Sapevo bene quanto potessero urlare i bambini così piccoli, avevo sentito le loro voci risuonare dalle stanze delle giovani madri del bordello, seguite nel migliore dei casi dall'accendersi di un lume, e nel peggiore da un'eco di maledizioni ubriache; ma tu non strillavi: qualunque fosse il tuo piccolo dolore, ti si fermava in gola prima di giungere alle labbra. E io, io lo ammetto, ero grata del tuo silenzio, delle tue lacrime che non avrebbero svegliato il custode né disturbato il lavoro delle altre.
Ti amavo più di ogni cosa, ma dovevo farti tacere: cercavo di calmarti in fretta, di rimetterti a dormire; e poi piangevo, io, per tutta la notte. Non so a cosa pensassi in quei momenti, soltanto piangevo.

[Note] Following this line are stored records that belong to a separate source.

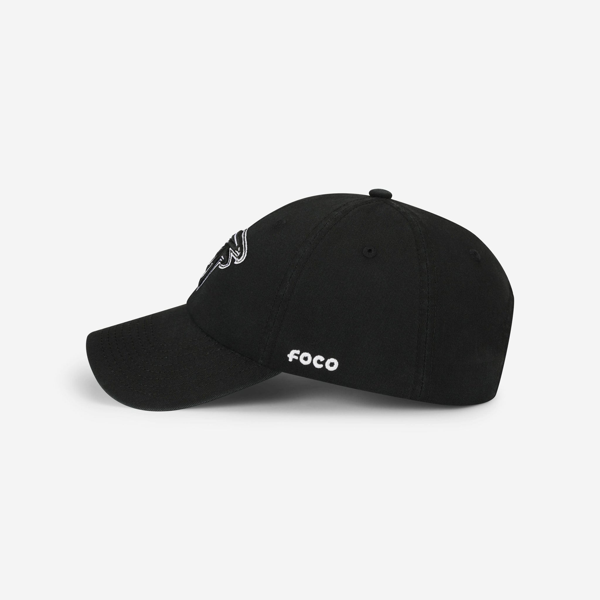 - Six panel, black-and-white-colored design with eyelets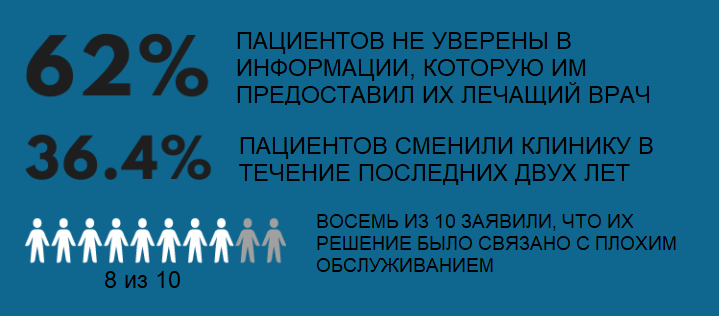 Более трети (36,4%) пациентов сменили клинику или лечащего врача в течение последних двух лет. Восемь из 10 заявили, что их решение было связано с плохим обслуживанием.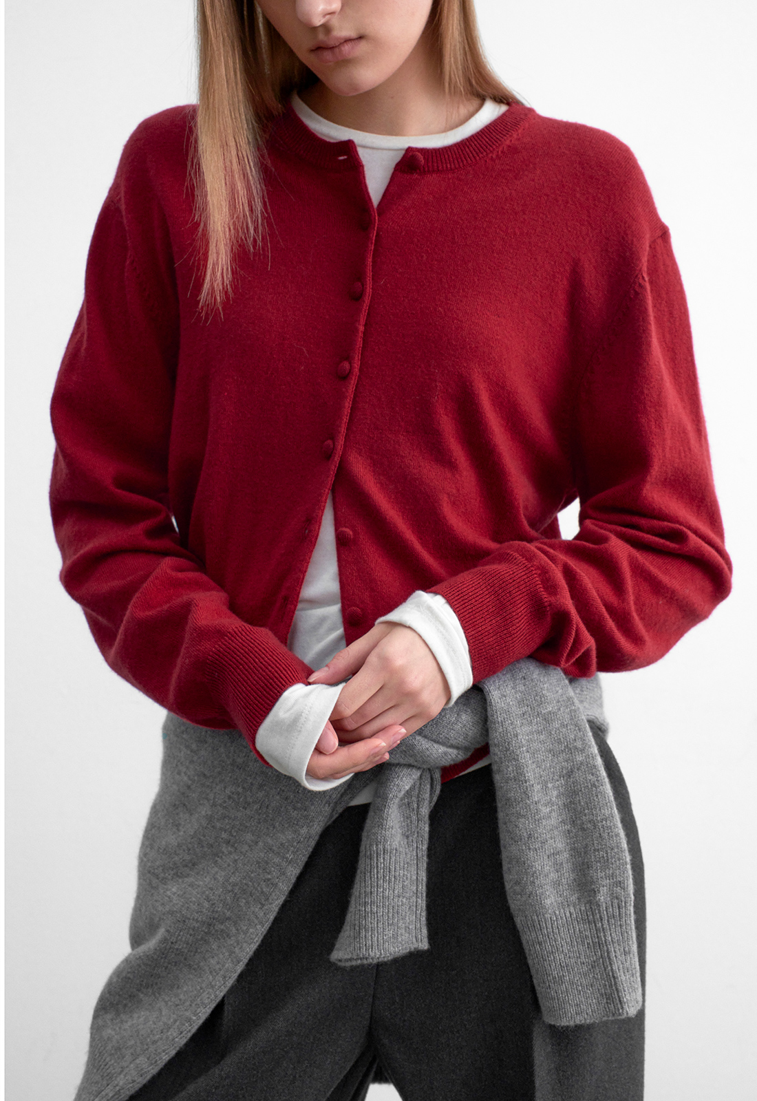 (CD-2237)ESSENTIAL ROUND KONG BUTTON CARDIGAN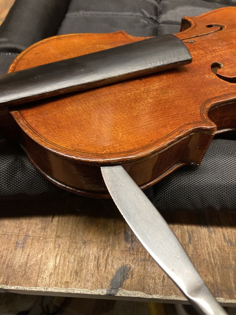 Do you see all that can go wrong here? Trust me, every last thing did as I learned how to do this. It sucked! A pic below of one of my unsuccessful attempts- I was using a standard luthier’s soundpost tool, and the stupid thing kept falling off as I tried to stand it up inside the dark cavity of the violin’s body while working through a 1/4in wide slot.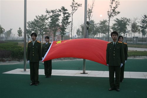 10月22日早晨,我院在学院操场举行“喜贺十七大,建设新校园”升国旗仪式,近三千名学生参加了升旗仪式。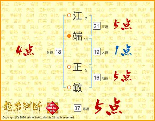 あなたの人生を表す1番重要な運勢です。生涯を通じて影響する総合運となり、主に50歳以降の晩年期に影響を及ぼします。苗字と名前の合計画数。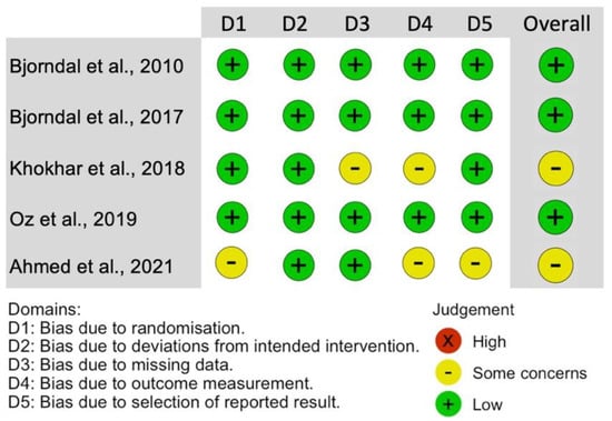 The risk of bias and the quality of the included studies were independently assessed by two reviewers (N.F. and A.C.V.M.M.) using the RoB 2 tool (Cochrane Risk of Bias Tool for Randomized Trials) []. This tool is structured in five domains (D) where the bias can be evaluated. Study quality was assessed in three categories: high risk of bias, few concerns, and low risk of bias. The quality assessment aimed to estimate the relative effect of two interventions or intervention strategies proposed in a clinical study and which produced the result. The ratings obtained were verified by a third reviewer (T.K.T.).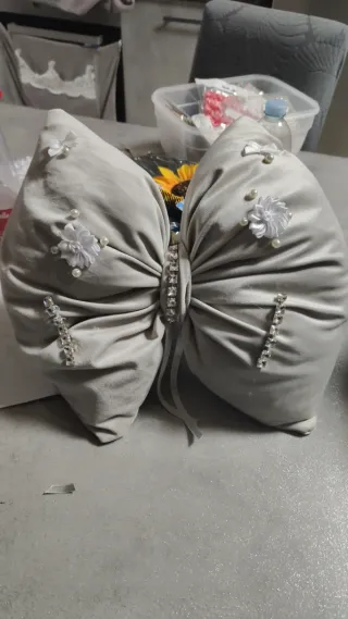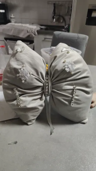 Fiocco decorativo in tessuto grigio, impreziosito da perle e strass. - Dettagli floreali bianchi. - Elegante fascia centrale con strass. - Nastrini pendenti in raso.
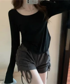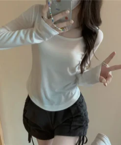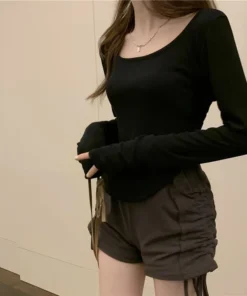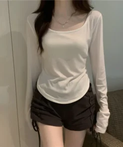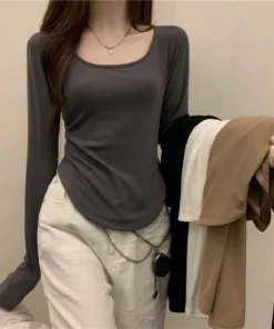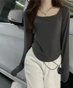 Square Neck Long Sleeve T-Shirt Women Spring Autumn New Irregular Hem Slim Casual Top Winter Solid Bottom Shirts New Korean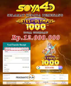 Selamat kepada User id : MEN**** Telah berhasil mendapatkan kemenangan besar pada permainan SLOT GATES OLYMPUS 1000 Dengan kemenangan Sebesar Rp.12.000.000.-,Setelah mengisi formulir withdraw dengan kurung waktu hanya 1 – 10 menit pihak SOYA 4D sudah melakukan transfer kepada pemiliknya dan dana sudah masuk ke rekeNing id tersebut oleh pemenang. Bukti pembayaran yang kami berikan merupakan bukti pembayaran yang SAH / VALID yang langsung di dapatkan melalui tanda transfer transaksi berhasil dari Bank yang di tuju.

Quando non riuscivo a farti addormentare, ti raccontavo delle storie felici sperando che poi le avresti sognate (o magari le avrei sognate io...): ti parlavo del villaggio in cui vivevano i miei nonni, della casa con il cancello verde, delle botteghe ai bordi della strada; di me bambina e dei miei compagni di giochi, del cane sdraiato sulla soglia a sonnecchiare sotto il sole. Dei cinguettii fuori dalla finestra, che ogni mattina d'estate mi invitavano a uscire anche se era ancora troppo presto per alzarsi.

Ne parlavo come se tutto questo avesse ancora potuto tornare, come se fosse stato il futuro e non il passato. Eppure una voce mi fermava a un tratto, a metà frase, e mi diceva che non era vero; che il villaggio era cambiato, e i negozi non esistevano più. Che gli amici erano lontani, volti irriconoscibili sparsi nella folla, oppure se n'erano andati. Che i cani erano tutti morti, da un pezzo, che i personaggi delle mie storie erano morti anche loro, portando con sé ognuno un piccolo universo, ormai dissolto nell'aria.

Mi ripetevo questo, ma intanto ti eri addormentato.

Ora hai una camera tutta tua, con una scrivania pulita e una mensola per le tue foglie di tè: e puoi camminare per la stanza senza paura di inciampare, e hai vestiti veri, e molte vite dipendono da te... Ma spero che da qualche parte, nel profondo del cuore, tu possa ricordare il nostro buchino: le cose belle, i momenti insieme.

Non potresti essere migliore, nemmeno se ti fossi rimasta accanto per tutti questi anni.

Ricordami, amore mio, ricordati della stanzetta piccola e sporca; dell'acqua grigia nella bacinella, e del lettino accanto alla parete. Ricordati che ti ho lasciato solo perché non potevo più restare con te, ricordati che il mio ultimo pensiero è stato tuo.

Ricorda che non ti ho mai davvero abbandonato. Ricordati, ricordati della tua mamma.